Italian idealism

Italian idealism, born from interest in the German one and particularly in Hegelian doctrine, developed in Italy starting from the spiritualism of the nineteenth-century Risorgimento tradition, and culminated in the first half of the twentieth century in its two greatest exponents: Benedetto Croce and Giovanni Gentile.

Risorgimento Hegelianism

In the age of Romanticism, Italian patriots' philosophical circles, especially in Naples, found in Hegelian idealism the way to give a spiritual and cultural imprint to the historical path towards national unification.[1]

The interest in the Hegelian doctrine in Italy spread especially for the works of Augusto Vera (1813–1885) and Bertrando Spaventa (1817–1883), without omitting also the importance of the studies on Hegel "Aesthetic" by Francesco De Sanctis (1817–1883), author of the Storia della letteratura italiana.

De Sanctis's concept of art and of literary history, inspired by Hegel, will stimulate the genesis of Crocian idealism.[2]

Augusto Vera, author of writings and commentaries about Hegel, was a famous philosopher in Europe, who interpreted the Hegelian Absolute in a religious and transcendent sense.[3]

An opposite interpretation was formulated by Bertrand Spaventa, for whom the Spirit was immanent in the history of philosophy.

Reconstructing the development of Italian philosophy, Spaventa argued that Italian Renaissance thought of Bruno and Campanella had been at the origin of modern philosophy, but had stopped due to the Counter-Reformation.
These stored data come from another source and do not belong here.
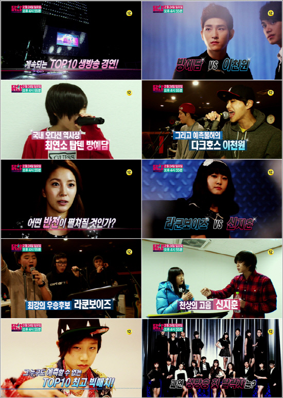 라쿤보이즈와 신지훈, 방예담과 이천원 등 강력한 우승 후보들이 '일대일 대결'을 펼칠 예정이라 벌써부터 팽팽한 긴장이 감돌고 있다. 최예근, 걸그룹 유유, 앤드류 최에 이어 합격의 기쁨을 누릴 승자는 누가 될지 관심이 쏠린다.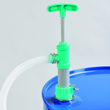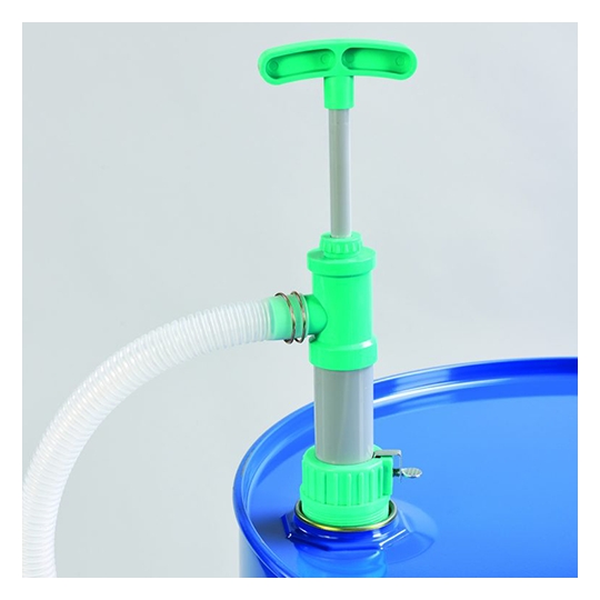 Pompa ręczna, pompa syfonowa z trwałego PVC. Odpowiedni do różnych płynów, w tym wody, oleju napędowego, lekkich olejów, łagodnych, niekorozyjnych chemikaliów i środków odtłuszczających. Szczegóły: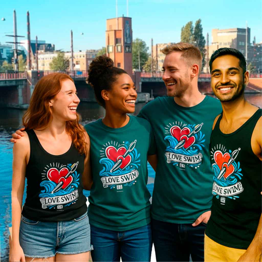 Het ontwerp is rauw en romantisch tegelijk. Een beetje punk, een beetje klassiek. Net als jij misschien. En weet je wat het mooiste is? Als je meedoet aan LoveSwim, krijg je het shirt. Zomaar, voor jou. Omdat jij erbij hoort.
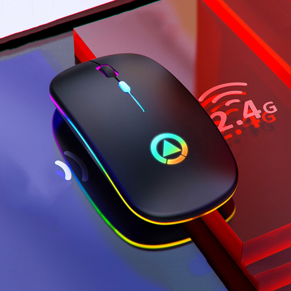 WREANU Wireless Bluetooth Mouse Rechargeable Laptop Mice with LED Lights Silent Slim Use(BT5.2 and 2.4G Portable USB) Dual Mode Computer Mouse for Laptop/iPad/Tablet/Apple/Computer/Mac (Black)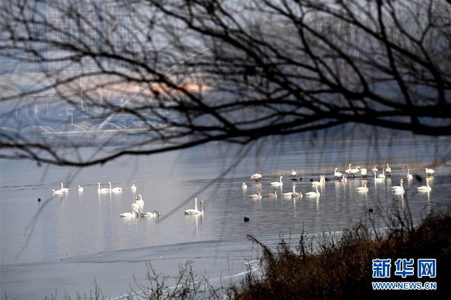 1月4日在三門峽黃河濕地拍攝的白天鵝。  新華社記者王丁攝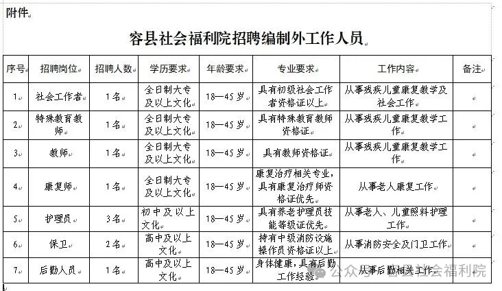 根據(jù)工作需要,容縣社會福利院面向社會公開招聘編制外工作人員若干名,現(xiàn)將有關(guān)事項公告如下: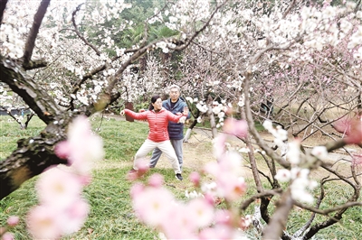 2月27日,市民在江苏省连云港市连云区的公园中打拳。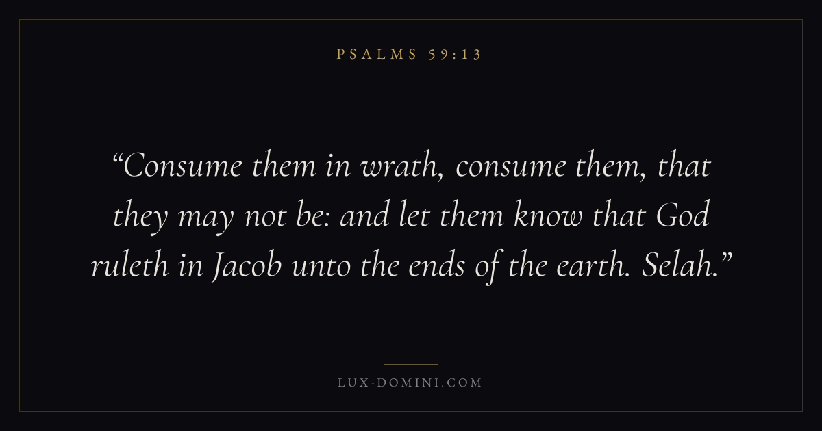 Consume them in wrath, consume them, that they may not be: and let them know that God ruleth in Jacob unto the ends of the earth. Selah.

Its task now was to catch up with European philosophy, linking up with Vico's mind philosophy, which along with those of Galluppi, Rosmini, and Gioberti, had anticipated themes of Kantism and German idealism.

Se la filosofia non è una vana esercitazione dell'intelletto, ma quella forma reale della vita umana, nella quale si compendiano e trovano il loro vero significato tutti i momenti anteriori dello spirito, è cosa naturale che un popolo libero si riconosca e abbia la vera coscienza di se stesso anche ne' suoi filosofi.[4]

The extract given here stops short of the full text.